[YOUR OBJECTIVE] Transcribe all of the data exactly. Images stay out.

[RECORDED DATA]
________________________

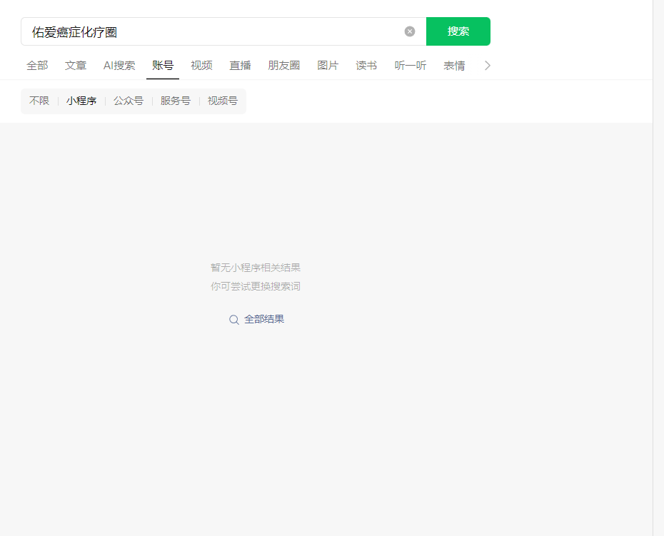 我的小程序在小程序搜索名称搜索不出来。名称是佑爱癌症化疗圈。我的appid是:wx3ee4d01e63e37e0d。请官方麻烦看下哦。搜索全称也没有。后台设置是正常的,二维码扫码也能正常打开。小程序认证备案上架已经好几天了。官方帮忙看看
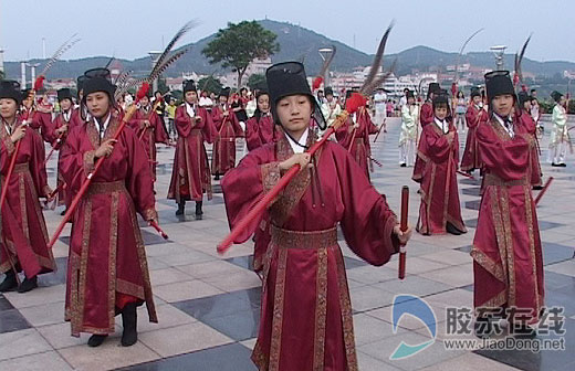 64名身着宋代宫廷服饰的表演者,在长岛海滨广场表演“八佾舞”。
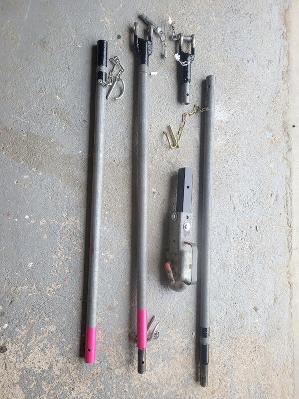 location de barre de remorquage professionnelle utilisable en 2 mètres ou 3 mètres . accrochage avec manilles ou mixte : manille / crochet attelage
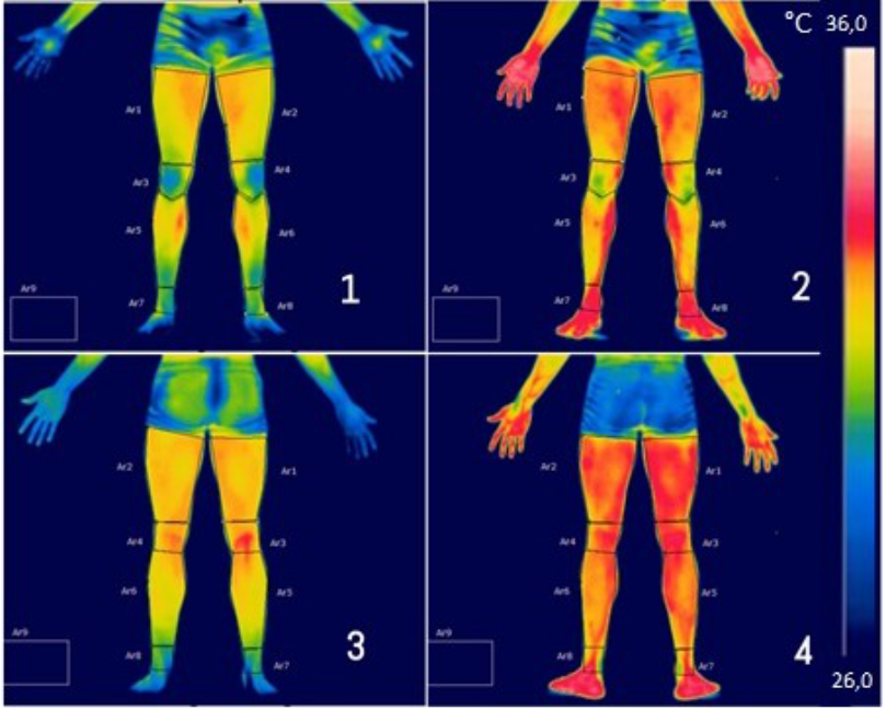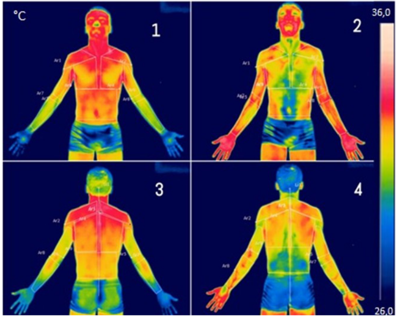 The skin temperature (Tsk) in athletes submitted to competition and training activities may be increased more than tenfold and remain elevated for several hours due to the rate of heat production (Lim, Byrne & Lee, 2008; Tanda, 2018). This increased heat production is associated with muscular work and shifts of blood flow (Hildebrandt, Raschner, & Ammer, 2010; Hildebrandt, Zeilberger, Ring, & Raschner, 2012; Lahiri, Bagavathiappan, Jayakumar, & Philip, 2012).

________________________

[EXPECTED ANSWER]
 我的小程序在小程序搜索名称搜索不出来。名称是佑爱癌症化疗圈。我的appid是:wx3ee4d01e63e37e0d。请官方麻烦看下哦。搜索全称也没有。后台设置是正常的,二维码扫码也能正常打开。小程序认证备案上架已经好几天了。官方帮忙看看
 64名身着宋代宫廷服饰的表演者,在长岛海滨广场表演“八佾舞”。
 location de barre de remorquage professionnelle utilisable en 2 mètres ou 3 mètres . accrochage avec manilles ou mixte : manille / crochet attelage
 The skin temperature (Tsk) in athletes submitted to competition and training activities may be increased more than tenfold and remain elevated for several hours due to the rate of heat production (Lim, Byrne & Lee, 2008; Tanda, 2018). This increased heat production is associated with muscular work and shifts of blood flow (Hildebrandt, Raschner, & Ammer, 2010; Hildebrandt, Zeilberger, Ring, & Raschner, 2012; Lahiri, Bagavathiappan, Jayakumar, & Philip, 2012).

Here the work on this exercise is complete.